Blake gave a kind of sideways smile. "Find someone who loves you for you?"
"You and I both know romance starts physically," she said with a sigh, her body morphing until he looked a bit more gruff and masculine under his burgundy suit.
"Yeah," Jaune said, sipping at his water. "I guess no love story ever began with the words 'Damn, androgynous individual, I sure do appreciate your personality'."
Shamrock threw his chopsticks at Jaune, laughing this laugh that had just a smidgen of real humor to it. "Shut up, dude. You suck."
He held up his hands to deflect. "I suck so hard that one time my dad was the one who swallowed."
"Gross!" Blake said with a chuckle, punching her partner right in the ribs.
The mood of the conversation was difficult to understand. It was as if everybody but Weiss just revealed something about themselves. Weiss looked down, feeling the weight of the conversation on her shoulders. They had just been having a normal chit chat, and then somehow it had come to this. She had expected this to somehow turn things super awkward and worse than it was when it was silent. Instead, everyone was just giving each other crap over it. They had bared their souls, and no one had taken it seriously from anybody else.
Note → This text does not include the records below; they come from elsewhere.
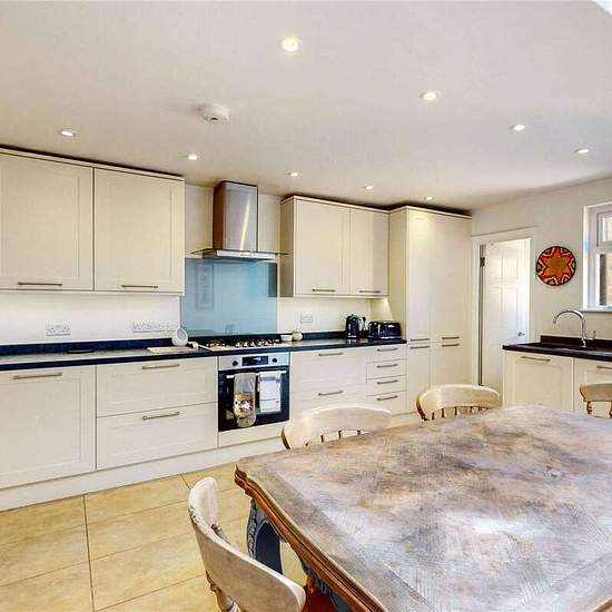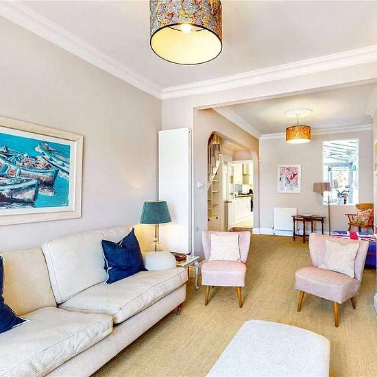 Set back from the main road is this delightful four-bedroom home boasting over 1500 sq. ft. of living and entertaining space. As you enter the property you are welcomed to the right by the double reception room with bespoke cabinetry between the fireplace in the front room. The bay window fills the room with plenty of natural light. The hallway leads to the walk-through kitchen-dining room fully equipped with integrated appliances and plenty of natural light from sky light windows and door with direct access to private garden, ideal for outd...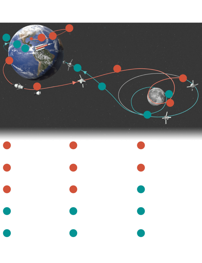 Conforme a Nasa, a Orion entrará na esfera de influência da Lua. Com isso, o satélite da Terra passa a ser a principal força gravitacional atuante na espaçonave — e não mais a Terra. Os controladores de voo conduzirão uma queima de sobrevoo, utilizando o propulsor principal, para aproveitar a força da gravidade da Lua, acelerar a espaçonave e direcioná-la para uma órbita retrógrada distante além do satélite. A órbita é chamada de retrógrada porque a cápsula viajará ao redor da Lua na direção oposta à que a Lua gira ao redor da Terra.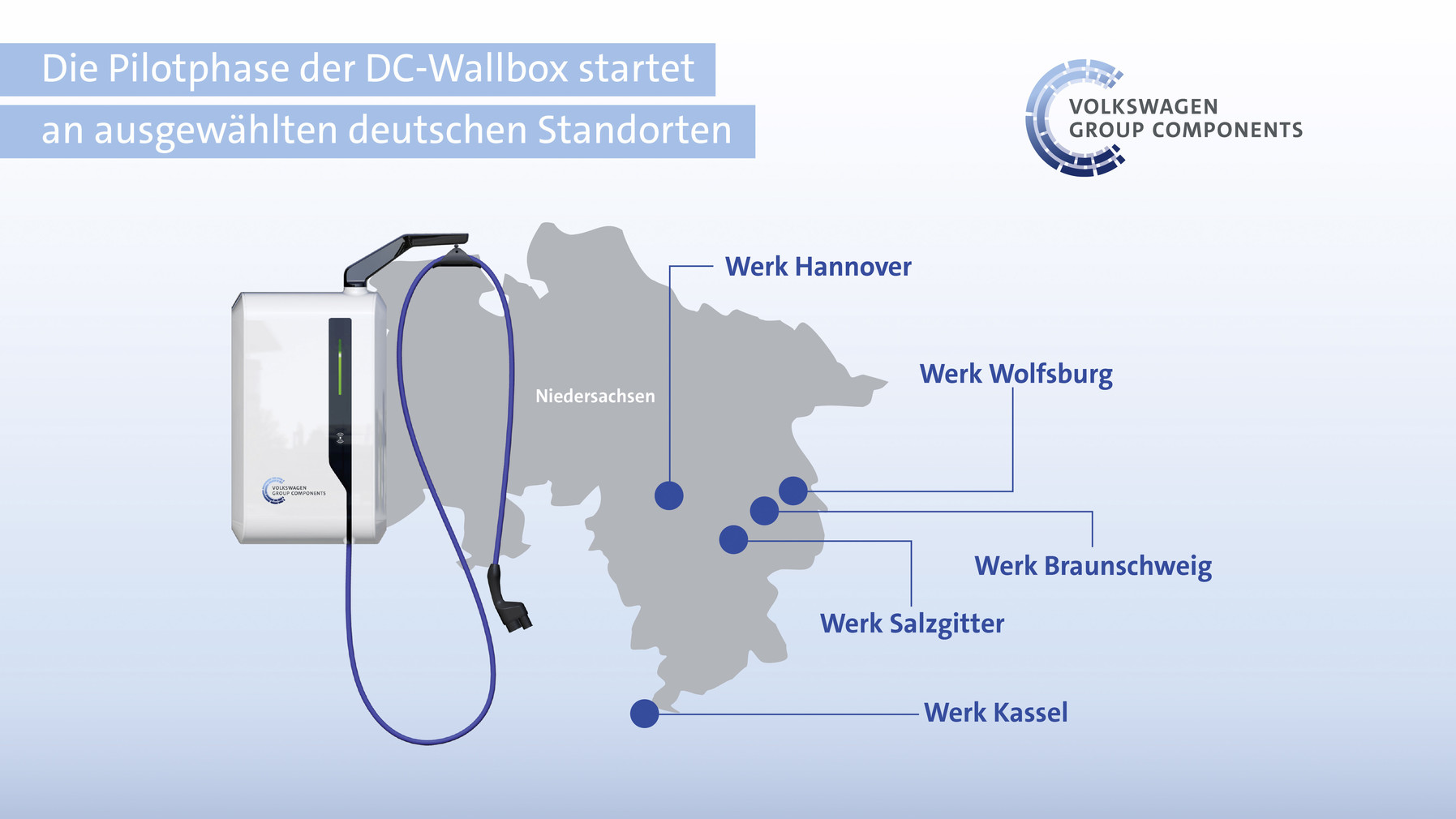 Volkswagen ha iniciado la fase piloto en sus propias fábricas en Wolfsburg, Braunschweig, Hannover, Salzgitter y Kassel con 20 dispositivos. Esto también significa que la infraestructura de carga existente se ampliará.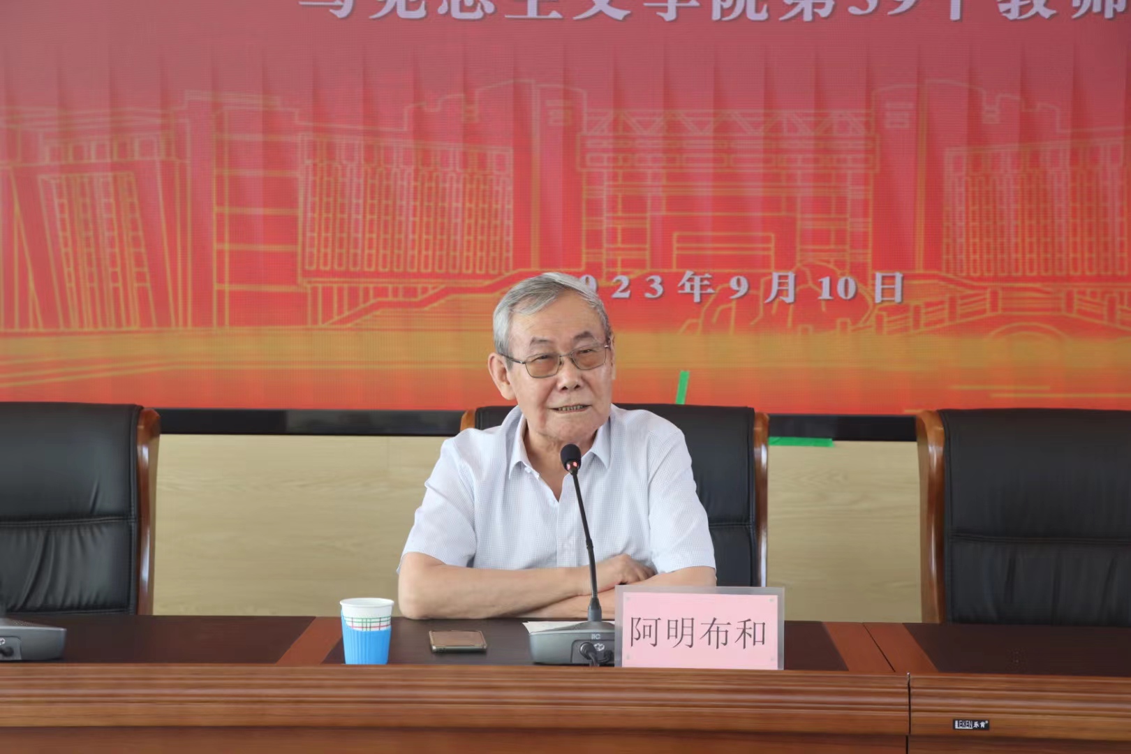 在全国第39个教师节到来之际,9月10日上午,我院在勤政楼三楼会议室隆重举办“躬耕教坛 强院有我”——6776永利集团第39个教师节座谈会。会议邀请我院资深学者、对学院发展做出重大贡献的格·孟和教授、刘荣教授、阿明布和教授作专题讲座,邀请刚刚从工作岗位光荣退休、深耕教坛几十年的哈斯塔娜教授、张野老师、王立华教授作经验分享。会议由学院党委副书记、院长齐义军主持,全体教师参加会议。

"I, uh," she said, and floundered. "I guess I once had a crush on some boy but then that was it. Pretty tragic, huh?"
Suddenly Blake laughed. "Oh my God, Weiss, you sure do know how to ruin a conversation."
"What?!" Weiss protested. "What did I do?"
"You got us on to some sad story and that's the best you can come up with?" Jaune asked, handing Shamrock a fresh pair of chopsticks in a little paper sheath.
Weiss huffed. "Everyone must have been thinking it, about you and Blake. You go from hating each other one day to suddenly becoming best friends. It's not my fault everyone decided to take that and just become so serious."
Shamrock held up his chopstick packet to his mouth. He blew into it, sending the little tube of paper right into Weiss's eye.
"Ow, what the heck, you jerk!"
Everyone laughed. But it wasn't like they were laughing at her. They were just kind of, and she knew it sounded cliché, but laughing with her. It was hard to make sense of, hard to put words to. But for this weird little moment, it felt like she belonged with these people. The moody Blake, the often unsettling Jaune, and the incredibly confusing Shamrock. They were her team. She didn't really understand them as people, hardly got them at all, but right now, they were all laughing. Even she couldn't help herself, not totally.
It was dumb. It was completely illogical. Incredibly childish.
Weiss was having fun.
And she was finally able to eat again.